Task instructions -
All entries are to be quoted exactly; the images stay out of the copy.

Records for this exercise -

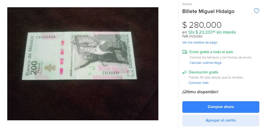 Esta pieza de colección cuenta con la imagen impresa de Miguel Hidalgo cargando el estandarte de la virgen María y se está ofertando hasta en 280 mil pesos en Mercado Libre.
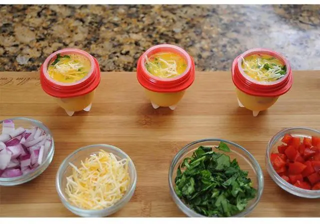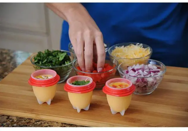 Includes 4 individual BPA Free, non-stick silicone egg cooking cups, recipe ideas and quick start guide
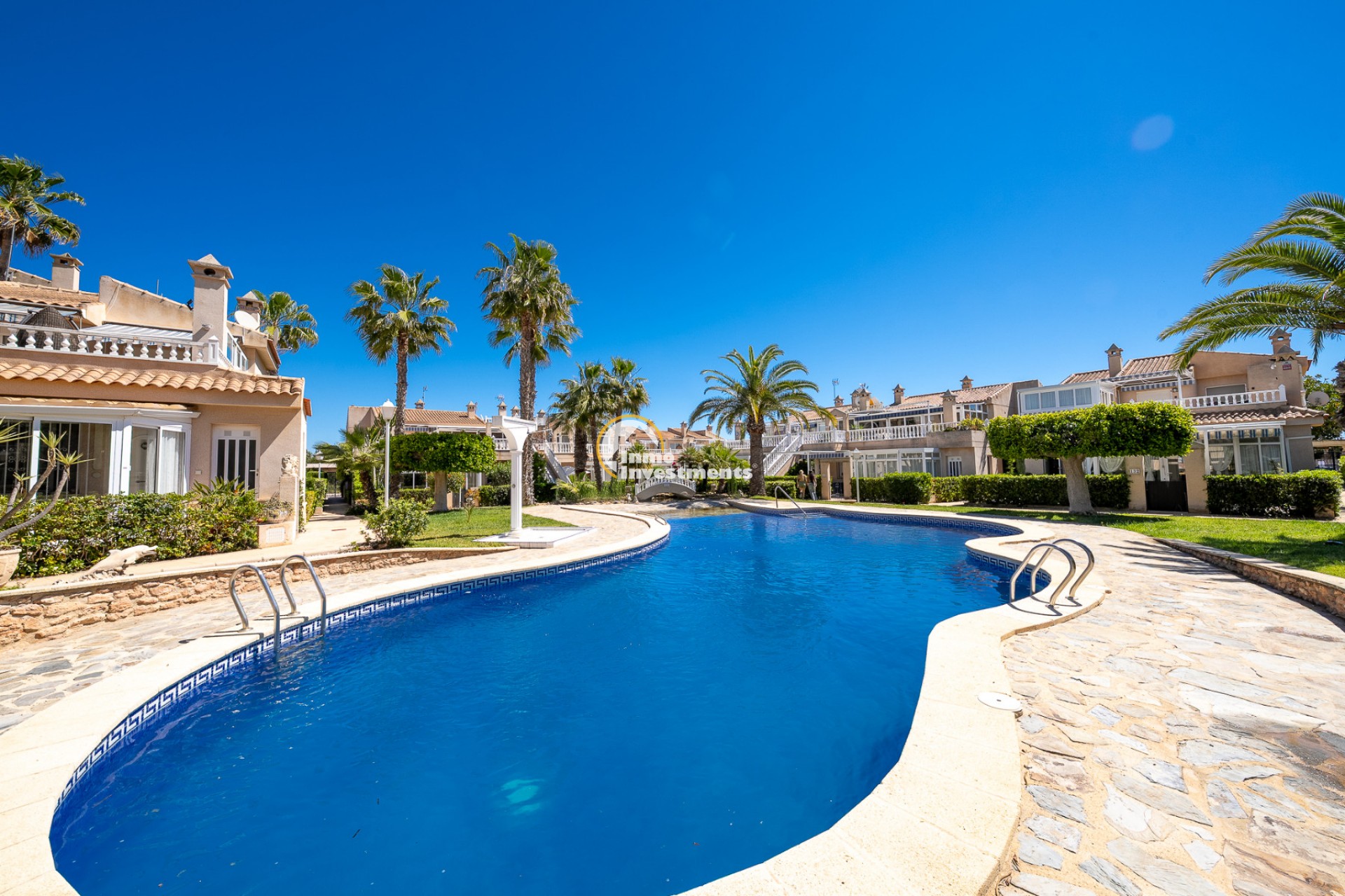 El espacio exterior incluye dos zonas ajardinadas: un jardín trasero sombreado ideal para los meses de verano y un jardín delantero soleado con vistas a la piscina y acceso directo a la comunidad, lo que lo hace especialmente adecuado para familias. La propiedad está bien cuidada y se vende completamente amueblada, incluyendo aire acondicionado, calefacción por suelo radiante en el baño, y está lista para entrar a vivir. Ubicada en una comunidad bien mantenida con jardines tropicales y dos piscinas, cerca de tiendas, restaurantes, La Zenia Boulevard y la playa. No deje pasar esta oportunidad y póngase en contacto con nosotros para concertar una visita.
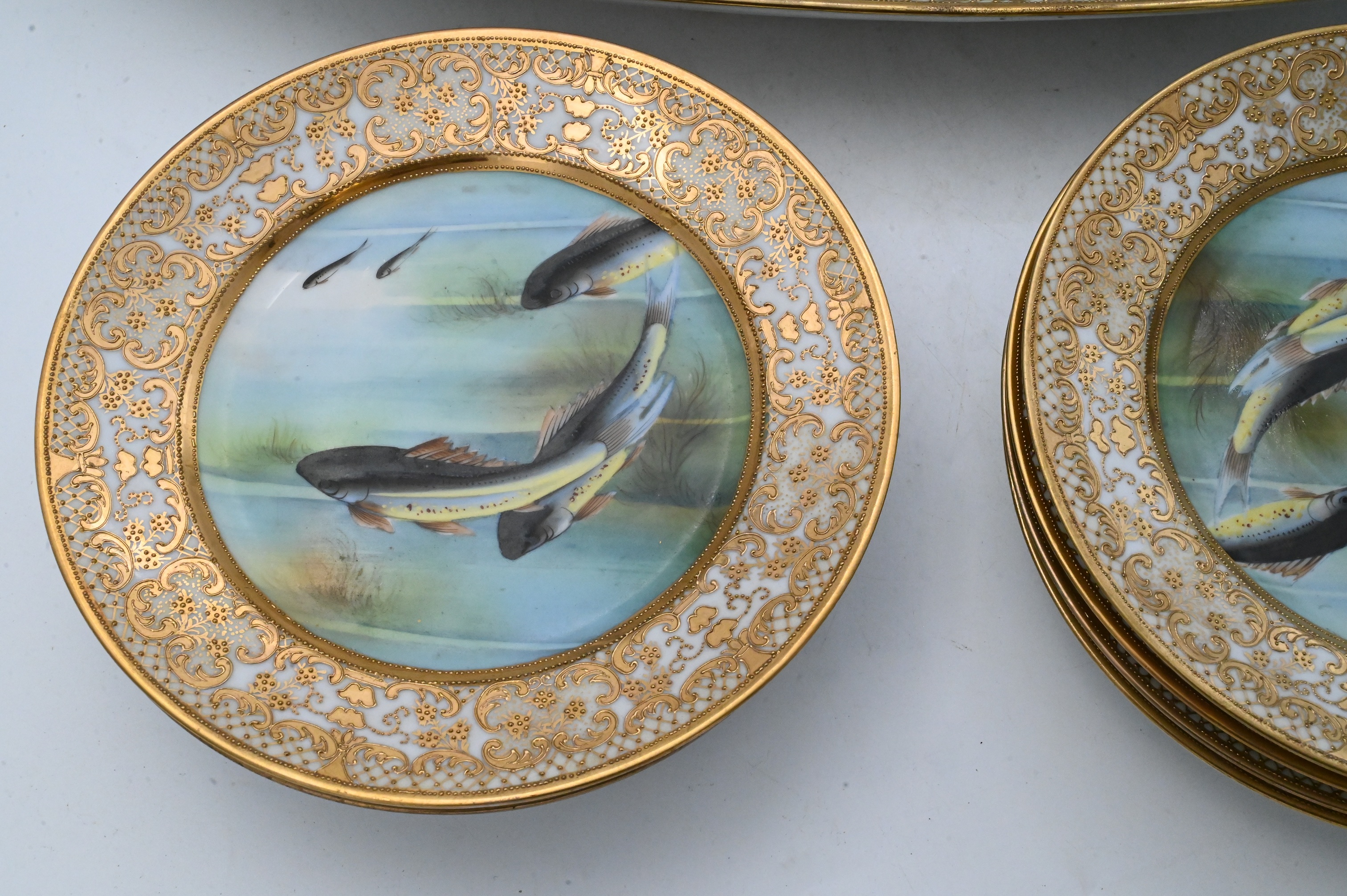 eight plates along with fish platter with high relief gilt and fish and seaweed motif
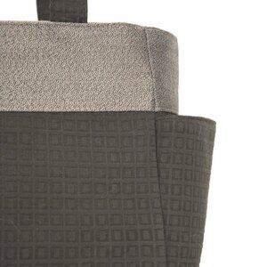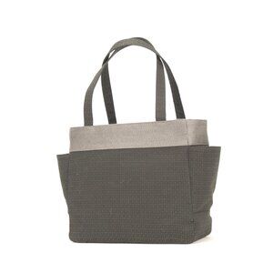 Small, black tote with grey tone top, 2 main sections + laptop pocket and internal zip pocket, 2 easy access external side pockets. Jacquard, wipeable material. Measures 13"L, 6"W, 11.5"H
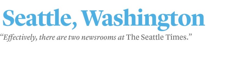 This can be a challenge inside the newsroom of the Times, where, among 194 employees, 75 percent are white; only 15 people on staff are Asian, and 9 are black. The culture of the office can be hard to change, in part because, as internal Times documents obtained by CJR show, there’s a generational gap. “Effectively, there are two newsrooms at The Seattle Times,” a survey of 80 staffers found this summer. Long-time employees are “much more likely to be satisfied and to feel valued by senior leaders that they’ve worked with for years,” whereas “young employees are much more urgently worried about pay and family care, do not feel valued by the newsroom, and have deep concerns about its future.”
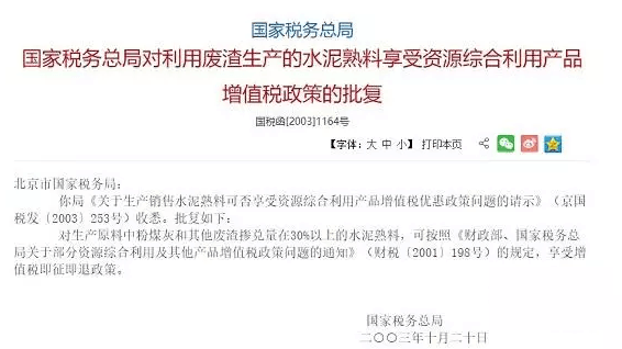 根据中国水泥网信息中心消息,10月24日,国家税务总局发布了《国家税务总局对利用废渣生产的水泥熟料享受资源综合利用产品增值税政策的批复》,文内批复表示,对生产原料中粉煤灰和其他废渣掺兑量在30%以上的水泥熟料,可按照《财政部、国家税务总局关于部分资源综合利用及其他产品增值税政策问题的通知》(财税〔2001〕198号)的规定,享受增值税即征即退政策。
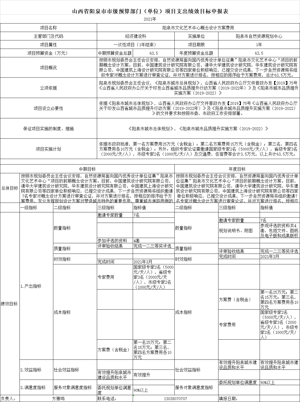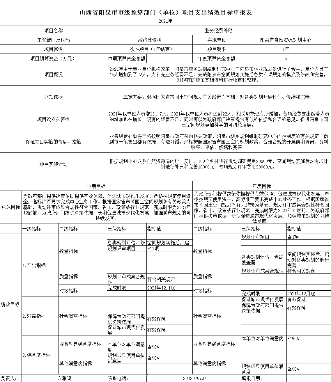 四、2021年阳泉市自然资源规划中心预算信息公开表

Your solution -
 Esta pieza de colección cuenta con la imagen impresa de Miguel Hidalgo cargando el estandarte de la virgen María y se está ofertando hasta en 280 mil pesos en Mercado Libre.
 Includes 4 individual BPA Free, non-stick silicone egg cooking cups, recipe ideas and quick start guide
 El espacio exterior incluye dos zonas ajardinadas: un jardín trasero sombreado ideal para los meses de verano y un jardín delantero soleado con vistas a la piscina y acceso directo a la comunidad, lo que lo hace especialmente adecuado para familias. La propiedad está bien cuidada y se vende completamente amueblada, incluyendo aire acondicionado, calefacción por suelo radiante en el baño, y está lista para entrar a vivir. Ubicada en una comunidad bien mantenida con jardines tropicales y dos piscinas, cerca de tiendas, restaurantes, La Zenia Boulevard y la playa. No deje pasar esta oportunidad y póngase en contacto con nosotros para concertar una visita.
 eight plates along with fish platter with high relief gilt and fish and seaweed motif
 Small, black tote with grey tone top, 2 main sections + laptop pocket and internal zip pocket, 2 easy access external side pockets. Jacquard, wipeable material. Measures 13"L, 6"W, 11.5"H
 This can be a challenge inside the newsroom of the Times, where, among 194 employees, 75 percent are white; only 15 people on staff are Asian, and 9 are black. The culture of the office can be hard to change, in part because, as internal Times documents obtained by CJR show, there’s a generational gap. “Effectively, there are two newsrooms at The Seattle Times,” a survey of 80 staffers found this summer. Long-time employees are “much more likely to be satisfied and to feel valued by senior leaders that they’ve worked with for years,” whereas “young employees are much more urgently worried about pay and family care, do not feel valued by the newsroom, and have deep concerns about its future.”
 根据中国水泥网信息中心消息,10月24日,国家税务总局发布了《国家税务总局对利用废渣生产的水泥熟料享受资源综合利用产品增值税政策的批复》,文内批复表示,对生产原料中粉煤灰和其他废渣掺兑量在30%以上的水泥熟料,可按照《财政部、国家税务总局关于部分资源综合利用及其他产品增值税政策问题的通知》(财税〔2001〕198号)的规定,享受增值税即征即退政策。
 四、2021年阳泉市自然资源规划中心预算信息公开表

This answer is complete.